If you know someone who is a detailer, or good with a buffer, you can clean them back up to look a lot better.

I have never seen a set of after market headlights for an S14 240. And if i haven't seen it, then they probably don't exist.


----------



## ladiesman8527 (Jul 16, 2004)

i'm sure there are people out there who want them besides me....you'd think a company would be smart enough to make a set....they'd probably make a killing.


----------



## Vip (Jul 26, 2004)

The headlights can be easily cleaned using aluminum polish. I read about this on another forum and tried it today, it worked wonders. Although they were foggy and yellow before my lights are clean as a whistle. Once I find the write up I'll post it. Definately don't go waste your money if you don't try this first.

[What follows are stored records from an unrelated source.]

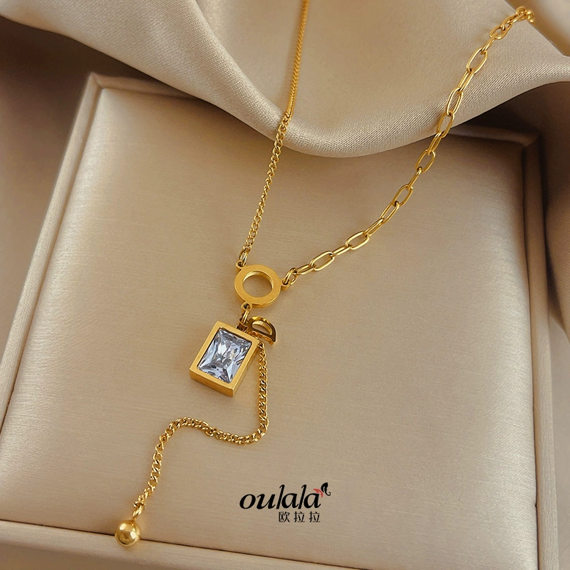 | nameOriginal | High-end zircon pendant fashion splicing necklace women's titanium steel clavicle chain non-fading letter D design jewelry |
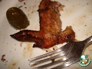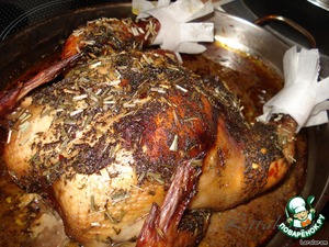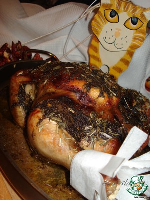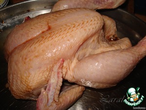Запекаем при 200° около 1,5 часов. Следите, чтоб курица прожарилась хорошо... Большое содержание жидкости в куре удлиняет процесс готовки.
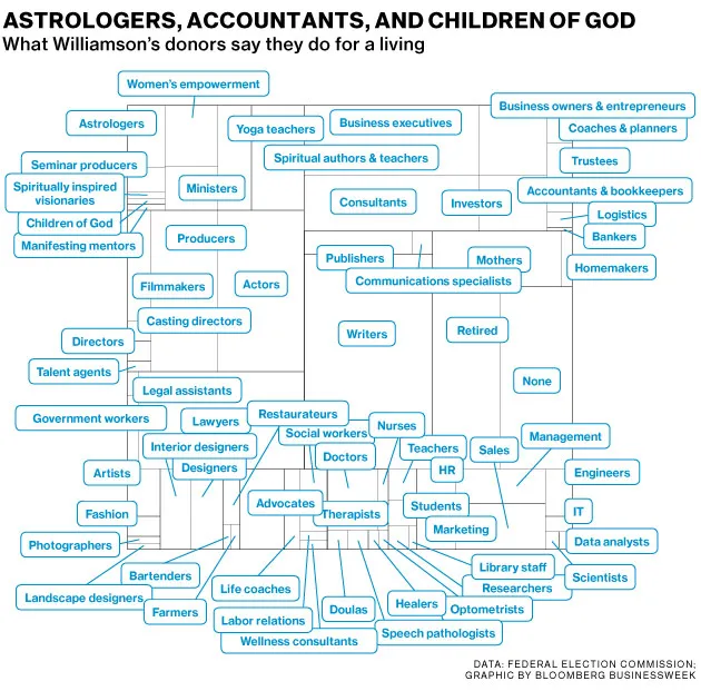 威廉姆森,61岁,是13本关于灵性的畅销书作者,也是著名的新纪元大师,尽管她讨厌这个词。她希望将她的220,000 推特粉丝和456,000 脸书点赞——以及数百万读者——转化为一个将为她投票的选民基础。她想要取代加州第33国会选区的民主党代表亨利·瓦克斯曼,后者在任20届后退休。该选区涵盖比佛利山、贝尔艾尔、布伦特伍德、太平洋帕利塞德、马里布、圣塔莫尼卡和威尼斯,然后弯曲包括同样富裕的赫莫萨海滩和帕洛斯维尔德半岛。该选区的人均收入最高,每年60,000美元,房屋中位价值最高,为911,000美元,是全国任何选区中最高的。这里富裕、白人且自由;巴拉克·奥巴马在他两次竞选中获得了超过60%的选票,该选区为他的竞选捐赠了数百万。第33选区是杰弗里·卡岑伯格和海姆·萨班等捐赠者的家园,还有一大批其他自由派亿万富翁。谁控制第33选区,谁就成为权力中介:几乎每位有全国抱负的民主党候选人都会停下来提取资金。

Edit: http://www.240sxforums.com/forums/showthread.php?t=6636

You may have to register to see it.


----------



## nissanphile (Sep 9, 2004)

you might check jdm. they have a *lot* more tuning opitions than we do, performance and aesthetic. you can always clean up the housing with aluminum polish like VIP suggested and then get new lightbulbs...maybe paint the inside of the housing *shrugs* blackouts?


----------



## AlexAtMyNismo (Apr 16, 2004)

You can also go to Autozone of whoever carries "Mother's" brand mag & alloy polish.... Little tub of white cream, grab a clean white hand towel, and dab a little onto the headlights and be prepared to scrub till you get all the yellow off...... just gonna take patience and elbow grease.... but it'll come off..... worked on mine.....

-Alex B.


----------



## ladiesman8527 (Jul 16, 2004)

i've already done that and it does help a lot


----------



## AlexAtMyNismo (Apr 16, 2004)

Ok, glad to hear that at least you tried....lol, some are just beyond Mother's solutions.

-Alex B.


----------